Therapy with CP does not appear to confer any clinical benefit in moderate-to-severe SARS-CoV-2 infected patients with chronic kidney disease on hemodialysis.
End-stage kidney disease causes significant morbidity, mortality, and reduced quality of life. Despite improvements in conventional hemodialysis, these problems persist. In-center nocturnal hemodialysis (INHD) has been shown to be beneficial in observational studies. This report outlines a 4-year renal network experience of INHD from the patient and frontline staff perspective.
Staff and patients’ experiences of INHD were evaluated through two work streams. Work stream one 12 patients who chose to stop INHD and 24 patients who chose to continue with INHD completed an anonymous survey. Work stream two one-to-one interviews with 20 patients receiving INHD and seven staff working INHD shifts were conducted. Clinical incident reporting for conventional hemodialysis and INHD from April 2014 to December 2018 was reviewed.

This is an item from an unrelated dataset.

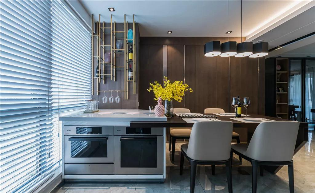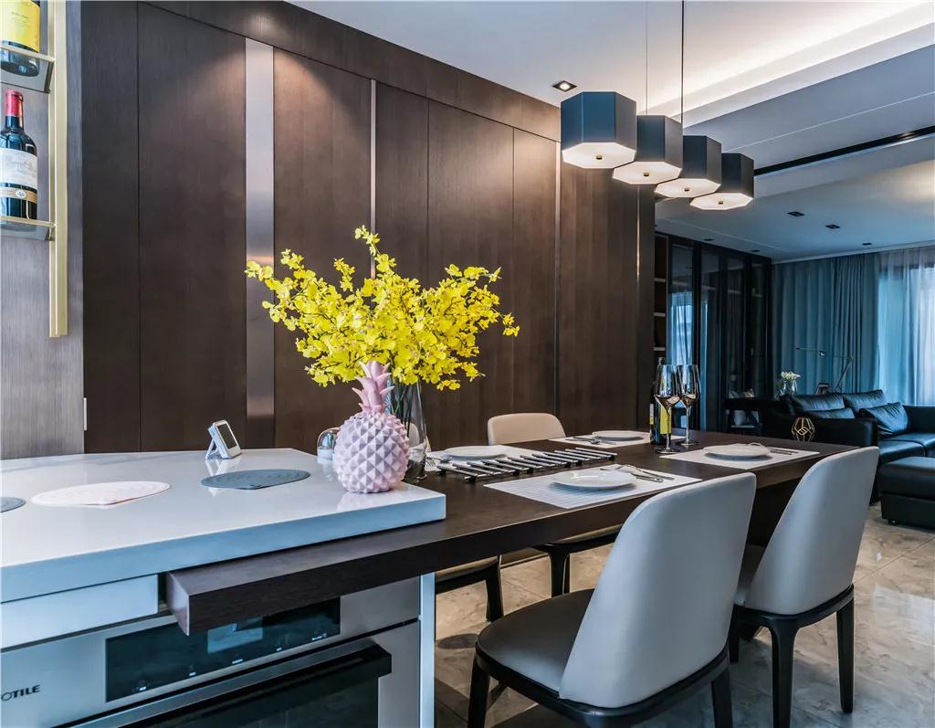 餐厅以深木色饰面板为大背景,吧台式餐桌搭配灰色靠背的餐桌椅,配合六边形的柱状吊灯,烘托写意舒适的小资情调。
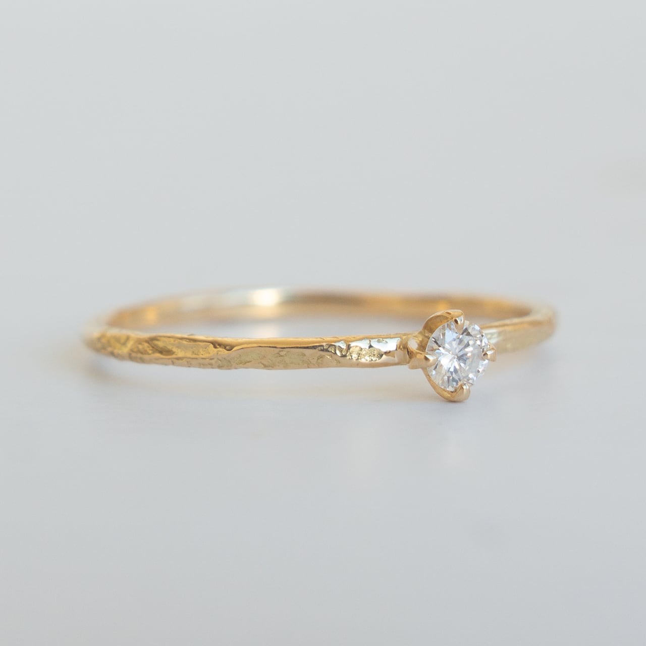 クレーターのような凹凸と、繊細な印象の1粒ダイヤ

Work stream one Five themes were identified; facilities, time, health and well-being, sleep, and transport. A patient “starter pack” was developed and improvements to the dialysis unit were d the effect of INHD on quality of life.
Patients continue with INHD due to increased social time and perceived health benefits. Patient starter packs and adjustments to the dialysis unit may enhance sleep. This experience has optimized the design of the NightLife study; a randomized controlled trial evaluated the effect of INHD on quality of life.
Gastrointestinal dysfunction is an important feature of Parkinson’s disease (PD), and there is increasing evidence that it may play a key role in the disease process. However, its assessment is limited by different tools and underlying differences in diagnostic criteria for gastrointestinal dysfunction. buy PCI-34051 To date, there is no psychometric instrument for quantitative evaluation of gastrointestinal symptoms specifically designed for use in PD.
The objective of this study was to develop a self-report questionnaire-based instrument, the Gastrointestinal Dysfunction Scale for Parkinson’s Disease, and to evaluate its psychometric properties.
We performed a literature review and conducted 3 focus groups to develop the Gastrointestinal Dysfunction Scale for Parkinson’s Disease. Three hundred and sixteen patients with PD and 55 controls completed the Gastrointestinal Dysfunction Scale for Parkinson’s Disease, the Non-Motor Symptom Scale, the Hospital Anxiety and Depression Scale, and a stool diary adapted from the Bristol Stool Chart.